Thus, arises are the question to what extent the media influences in the process of group identity construction? This study’s aims is to help decipher by means of a three-stage model, what is the contribution of the communications technologies in the social changes processes, and how they influence and strengthen existing identities, create new identities or, alternatively, lead to the disappearance of identities such as the national state.
The new communication systems challenge the old traditional media. The digital technologies have provided with unprecedented wide-ranging communication options. This, in turn, has led to an exponential increase in the range of platforms that host political content. The old established media, consecutively, has continued to fashion the backbone of the communication system by adjusting to the changing reality. The political communication communities thus, navigate themselves through a maze of complex communication possibilities. In our three-stage model, we explain the different stages of relationships between the media and the social groups.
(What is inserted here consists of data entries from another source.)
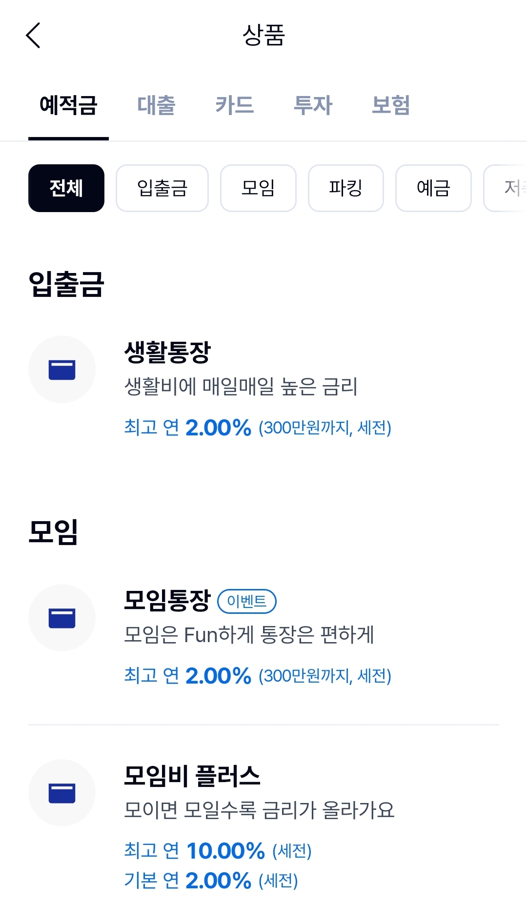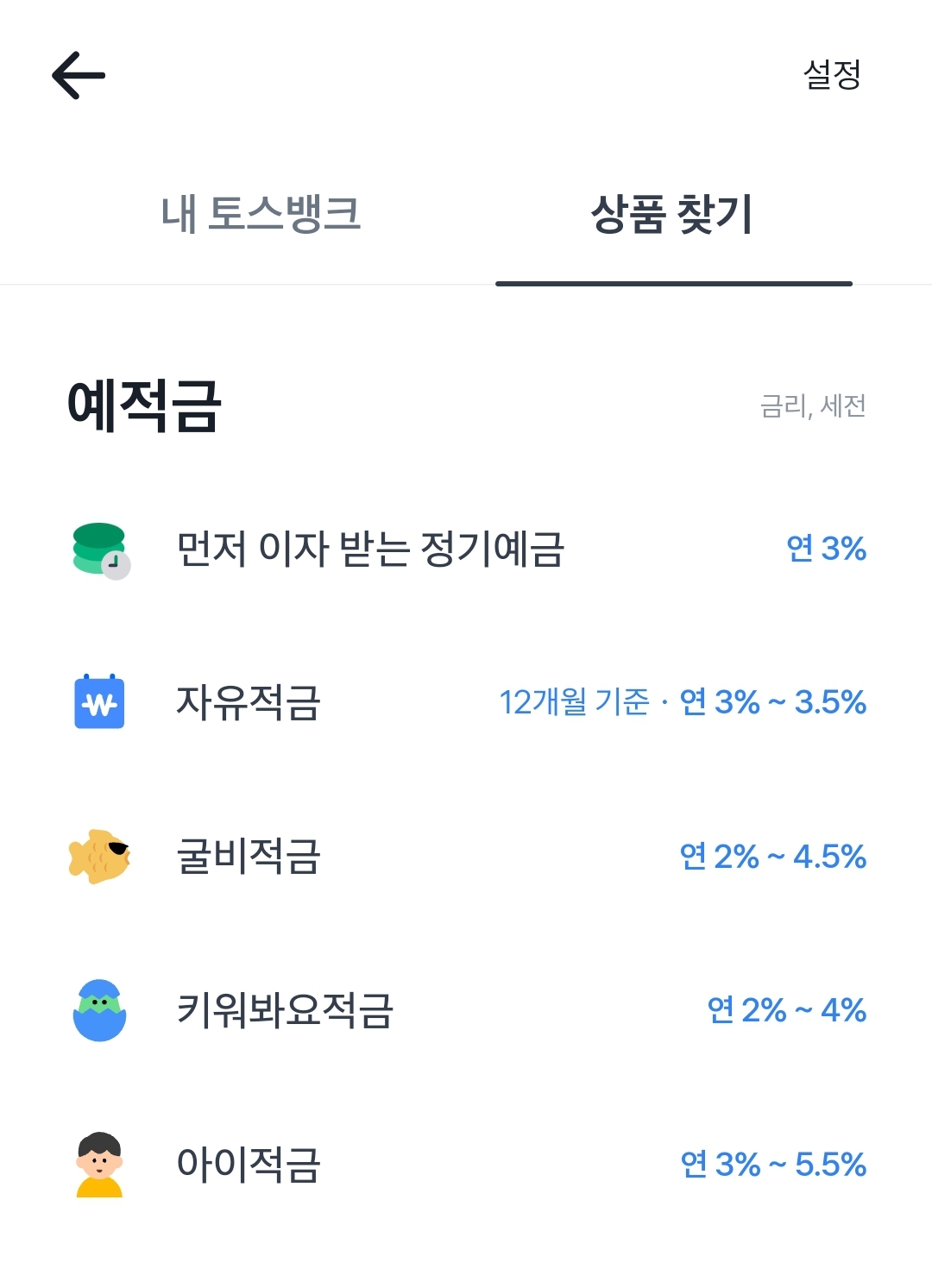 토스 뱅크는 특이하게도 예금 상품의 경우
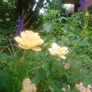 どしゃ降りに…。 耐えて咲いてます。けなげ… (*´∇`*) カリブラコアは4年目の花が咲きました(*´∀`)♪ 夢乙女も 今年は花つきがよく、コラボしてくれてます🌹💠
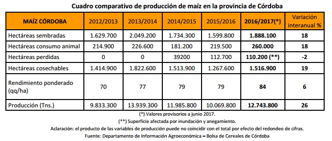 La recolección de maíz, como es usual, todavía tiene varias semanas hasta su finalización. A nivel nacional, el área cosechada se ubica entre 45 y 52 por ciento, mientras que en Córdoba es de apenas 26 por ciento, ya que el grueso de lo sembrado fue de fechas tardías.
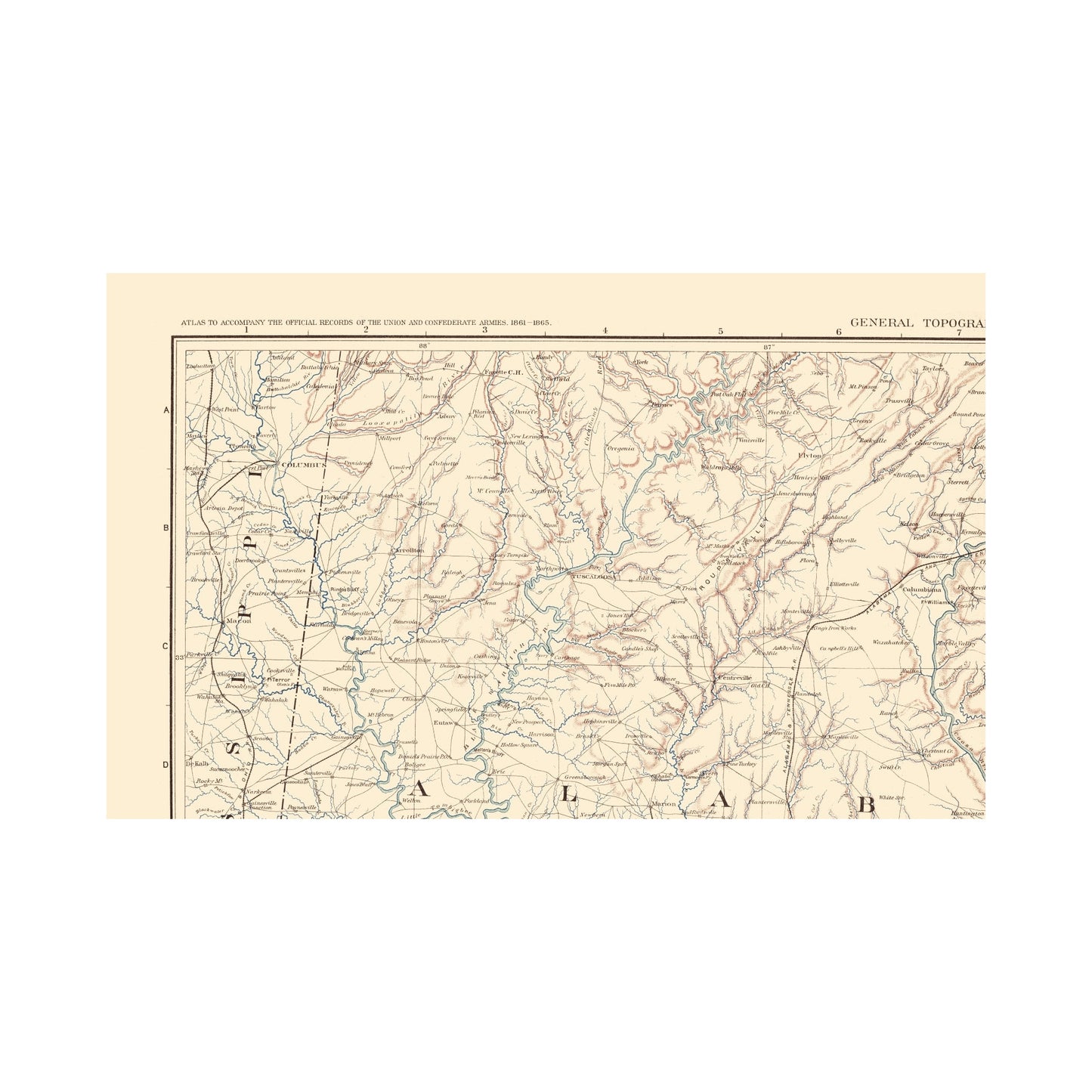 Civil War Map - Mississippi Alabama & Georgia Plate - BIEN 1895 - This is an exquisite full-color Reproduction printed on high-quality gloss paper, art paper or canvas.

These are: (1) Traditional media; the printed and electronic journalism coverage of social movements events; (2) Web 1.0—traditional journalism adjusts to the Internet still being one-way transmission; and (3) The media Matrix Era—introduction of the smartphone, Web 2.0, interactive communication, and “pan-media.”
The development of the presented three stages model has significantly influenced the diverse strategies used in the different social movements activities. Especially at times of social protest calling for changes in policy of the political elites, in attempting to exert influence upon policy in the decision-making process.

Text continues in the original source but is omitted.